§ **Required work**
Go to the line containing "凌製作說明,籤詩中提到四月、" below; retype it and all following lines exactly, and leave out the pictures.

Collected data
========

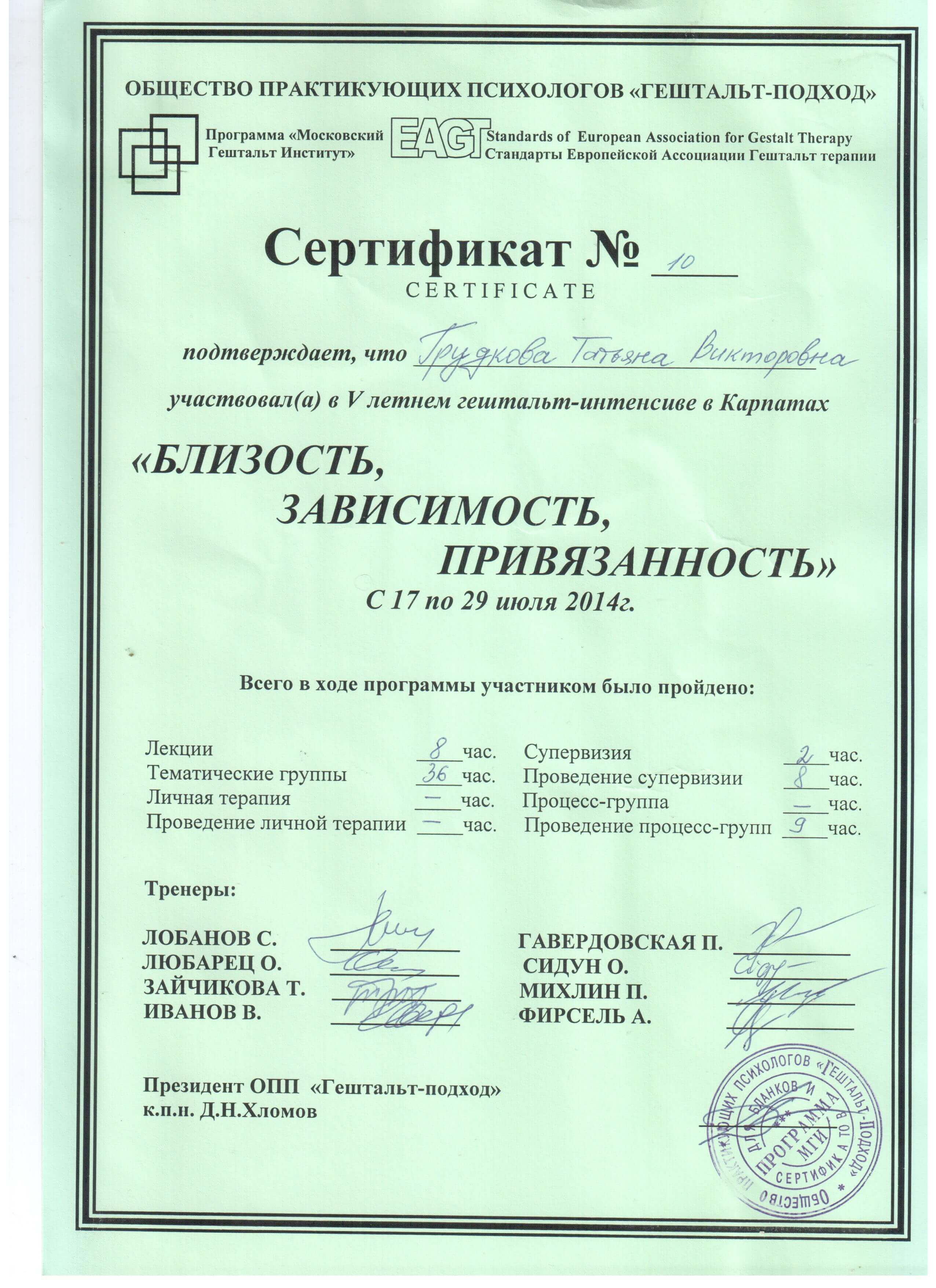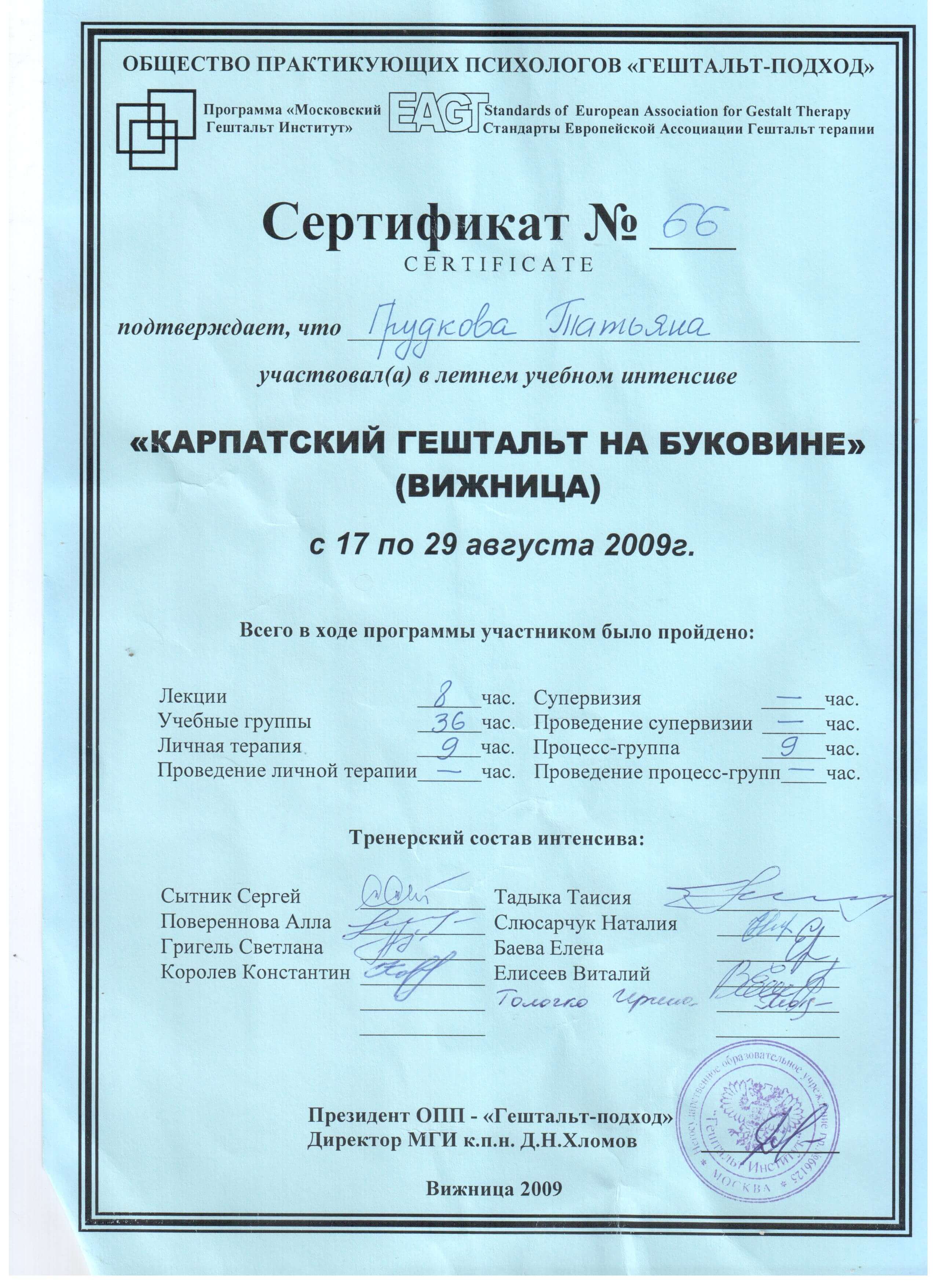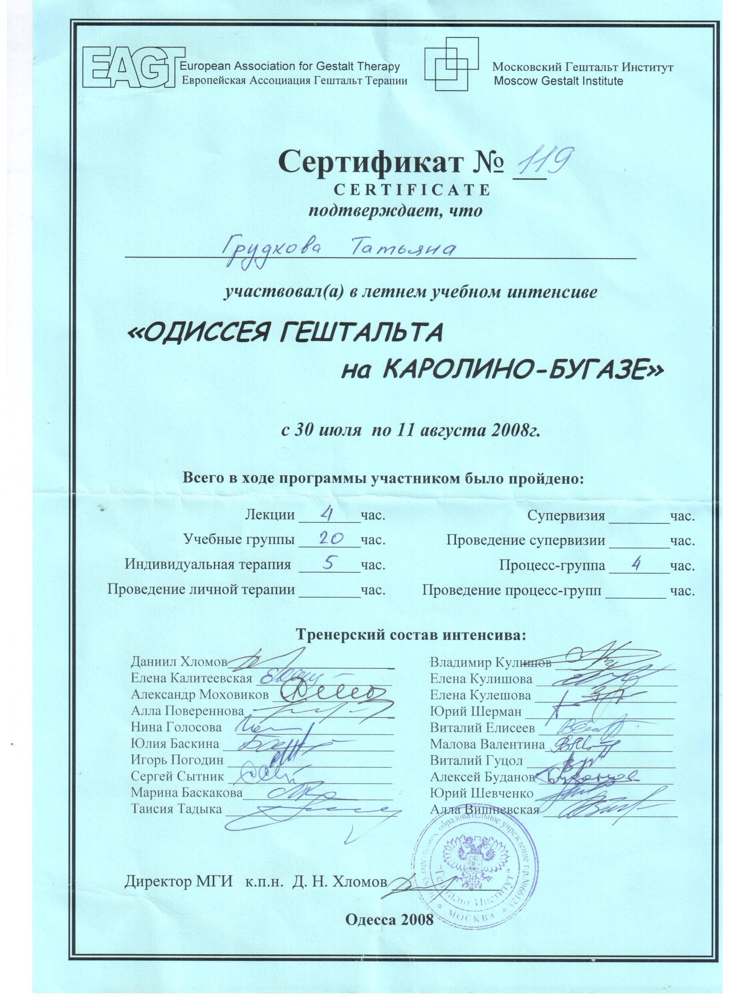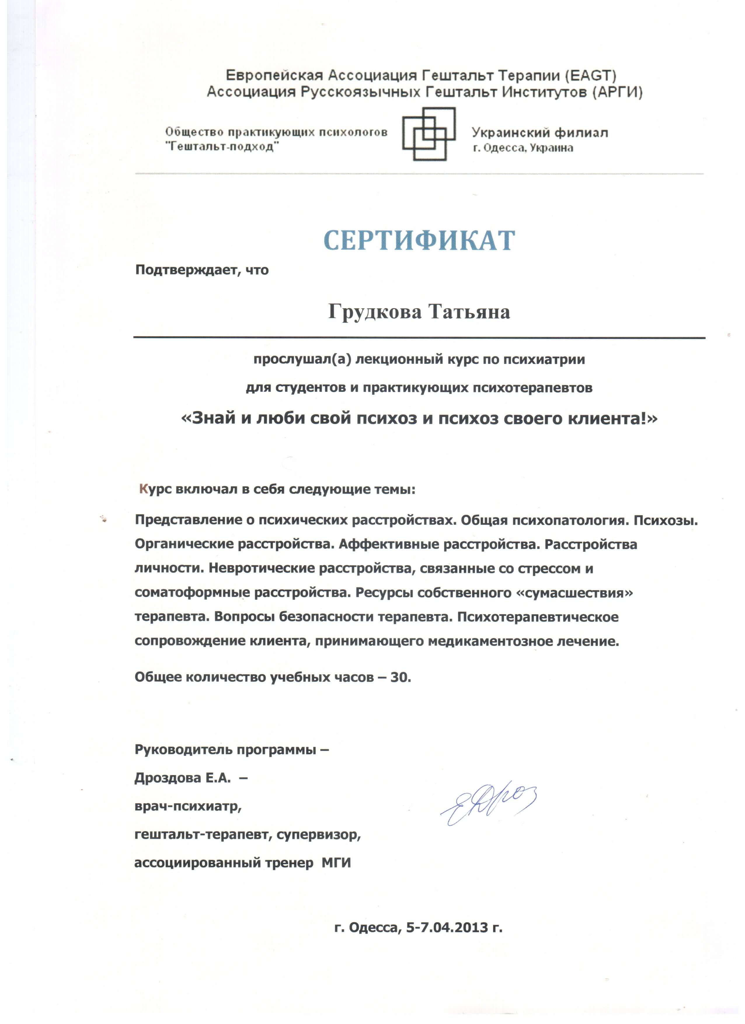 Одеський Національний університет імені Мечникова, друга вища психологія, Гештальт, МДІ 1 , 2 ступінь.
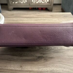 Chic and versatile crossbody bag. Features rich purple leather. Gold-tone logo accent. Perfect for day or night.
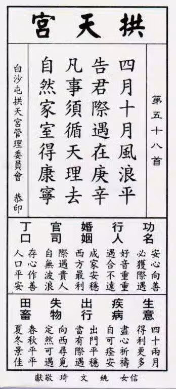 凌製作說明,籤詩中提到四月、十月分別代表夏季與冬季,這兩段時間台灣都順遂平安,而災難預言日期國曆7月5日為農曆6月11日也屬於夏季,「媽祖意思是平安、無事」,而第2句「告君際遇在庚辛」,媽祖指的是秋天將有好事情發生,屆時大家可以拭目以待。針對「凡事須循天理去,自然家事得康寧」,凌製作說,媽祖意思是凡事都能夠依照天理而行,自然就可以免除掉一些不必要的人禍與天災。
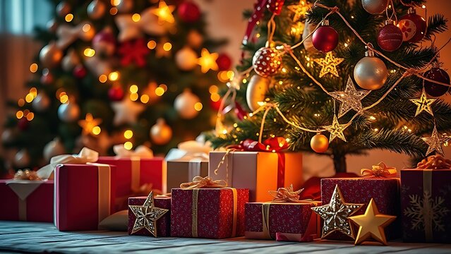 Festive holiday setup with decorated tree and gift boxes, evoking warmth and seasonal joy.
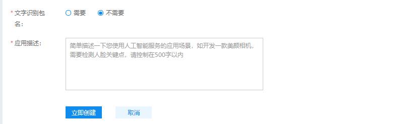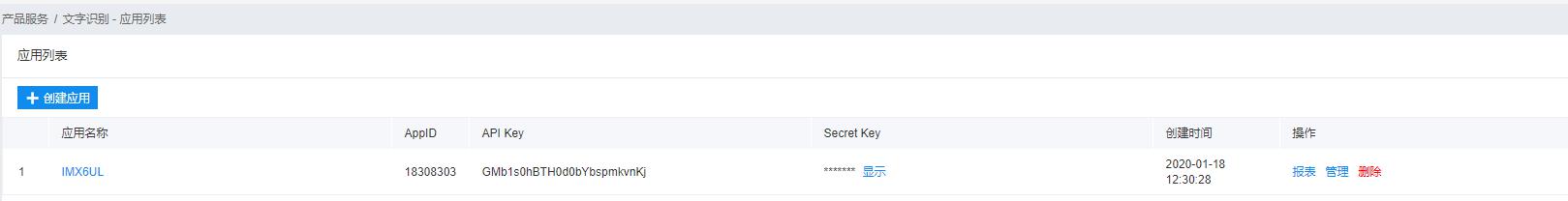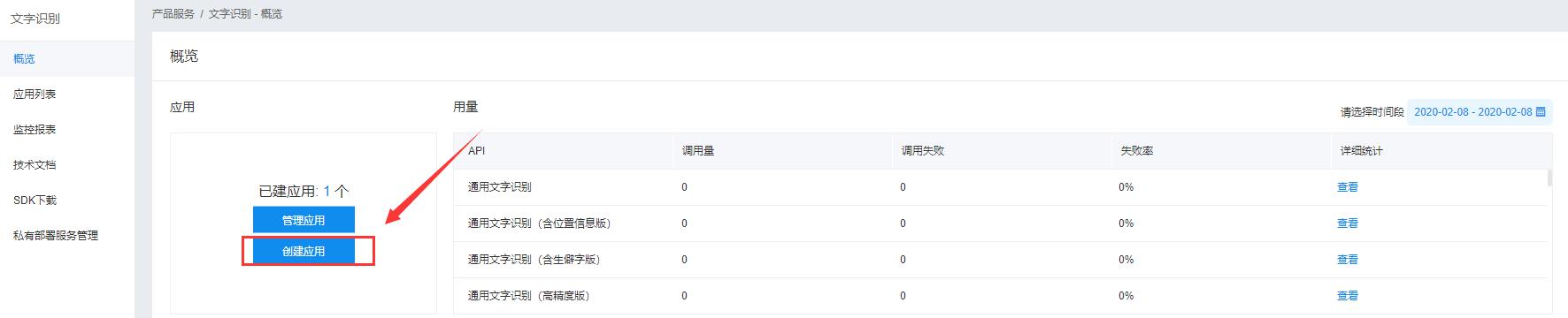 3.在文字识别管理里面新建一个应用服务,点击创建应用。

========

§ **Answer section**
 凌製作說明,籤詩中提到四月、十月分別代表夏季與冬季,這兩段時間台灣都順遂平安,而災難預言日期國曆7月5日為農曆6月11日也屬於夏季,「媽祖意思是平安、無事」,而第2句「告君際遇在庚辛」,媽祖指的是秋天將有好事情發生,屆時大家可以拭目以待。針對「凡事須循天理去,自然家事得康寧」,凌製作說,媽祖意思是凡事都能夠依照天理而行,自然就可以免除掉一些不必要的人禍與天災。
 Festive holiday setup with decorated tree and gift boxes, evoking warmth and seasonal joy.
 3.在文字识别管理里面新建一个应用服务,点击创建应用。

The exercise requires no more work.